Would you return exactly the lines from the top of the data below through the one containing "Titel: | Schalthebel", leaving out the pictures?

__Data in this exercise__.
↓

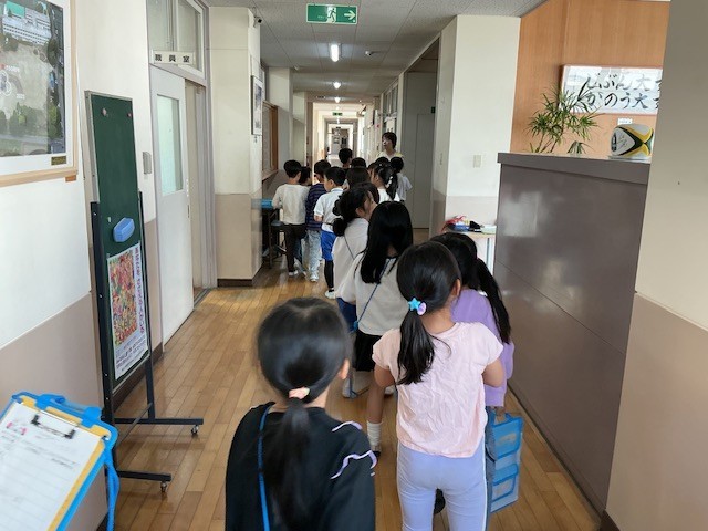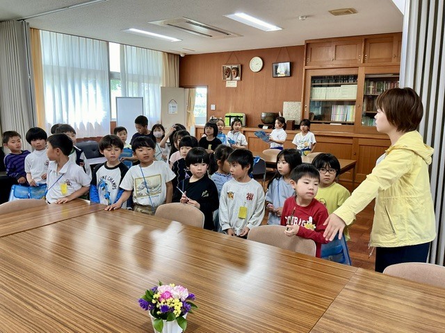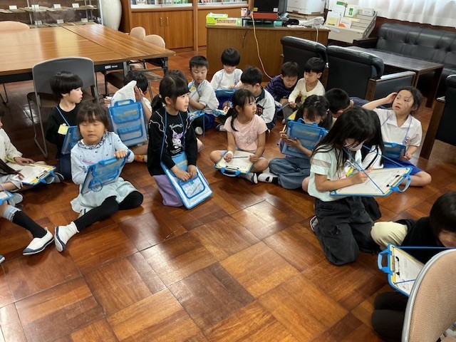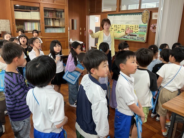 1年生と一緒に学校探検をする予定の2年生。今日はその下見として、職員室と校長室にやってきました。室内をよく見て、どんなことを紹介しようか考えています。
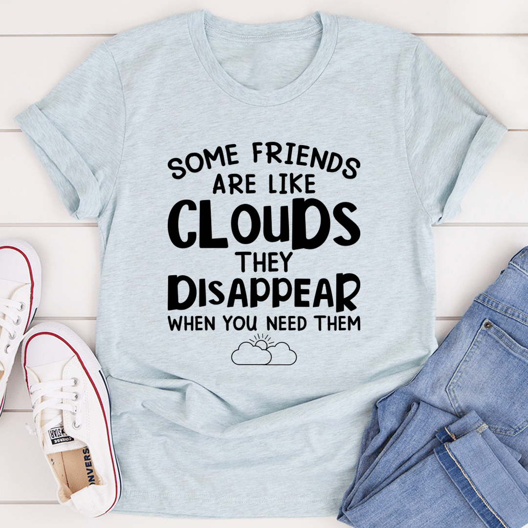 "Explore the wonders of this digitally printed tee, skillfully made and printed in the USA. Fashioned from 100% soft and ring-spun cotton, it provides a snug and unparalleled sensation. Embrace the elegance and elevate your fashion with this Some Friends Are Like Clouds T-Shirt."
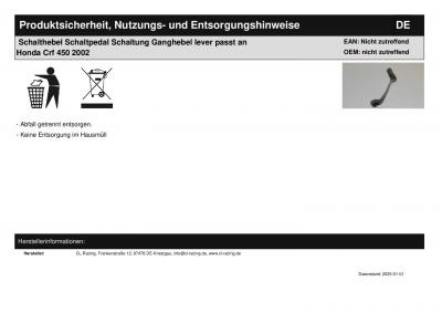Titel: | Schalthebel Schaltpedal Schaltung Ganghebel lever passt an Honda Crf 450 2002 |
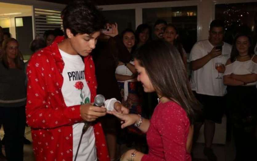 Mel Maia completou 14 anos na última quinta-feira (06) e comemorou a data com uma festa de pijama entre amigas. Mas, na noite deste sábado (05), a atriz de "Deus Salve o Rei" -trama na qual vive Agnes - ganhou uma festa surpresa em condomínio na Zona Norte do Rio de Janeiro. Ao chegar no local, a adolescente se emocionou e ainda ganhou uma declaração do namorado, Erick Andreas, de 14 anos de idade. Além da mensagem carinhosa, Mel recebeu também um anel de compromisso de Erick. Em seu Instagram Stories, Erick brincou sobre o mimo dado à atriz. 'Casamos', legendou ele, mostrando o presente em detalhes.
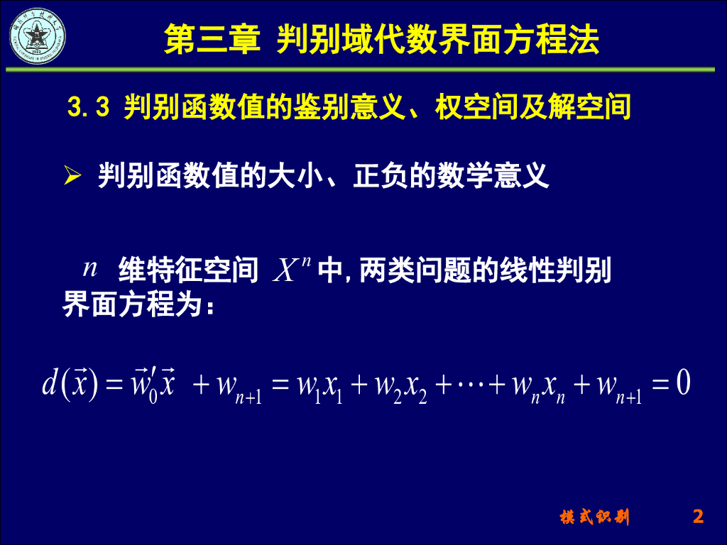 《模式识别》演示文稿-判别函数值的鉴别意义、权空间及解空间、fisher线性判别.pdf
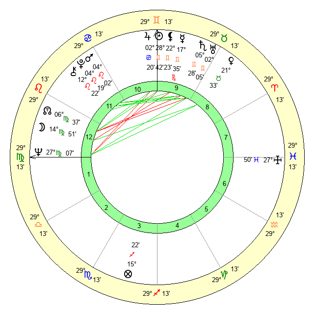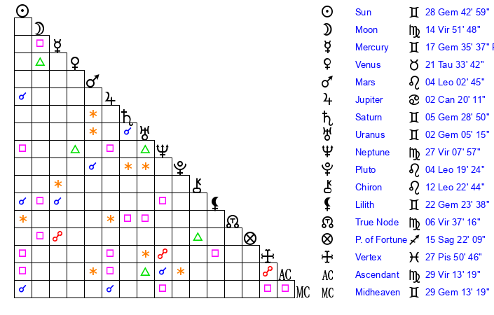 | Sun | 28 Gemini 43 | 29 Gemini 37 | 18 Virgo 19 |
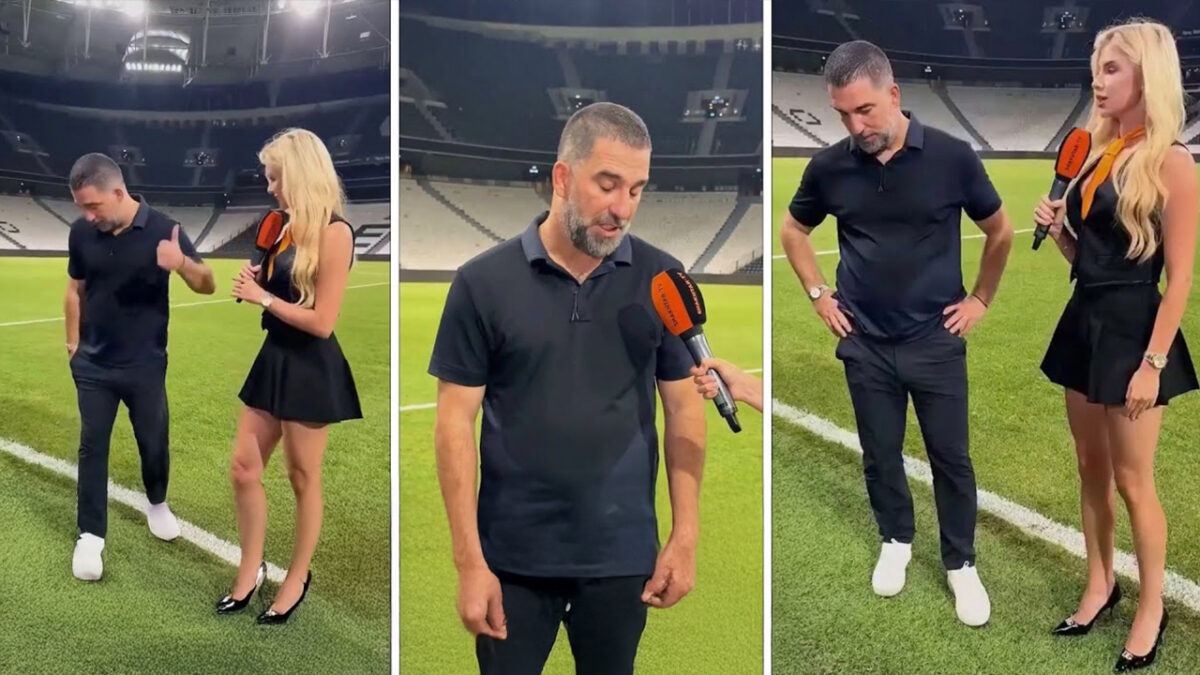 Sjachtar Donetsk-trainer Arda Turan probeerde krampachtig oogcontact te vermijden met de opvallend aanwezige verslaggeefster Daria Bondar Savina. De beelden, opgenomen na een wedstrijd en uitgezonden op de clubzender, leverden flinke reacties op via sociale media.

↑

__Result of the task__.
 1年生と一緒に学校探検をする予定の2年生。今日はその下見として、職員室と校長室にやってきました。室内をよく見て、どんなことを紹介しようか考えています。
 "Explore the wonders of this digitally printed tee, skillfully made and printed in the USA. Fashioned from 100% soft and ring-spun cotton, it provides a snug and unparalleled sensation. Embrace the elegance and elevate your fashion with this Some Friends Are Like Clouds T-Shirt."
Titel: | Schalthebel Schaltpedal Schaltung Ganghebel lever passt an Honda Crf 450 2002 |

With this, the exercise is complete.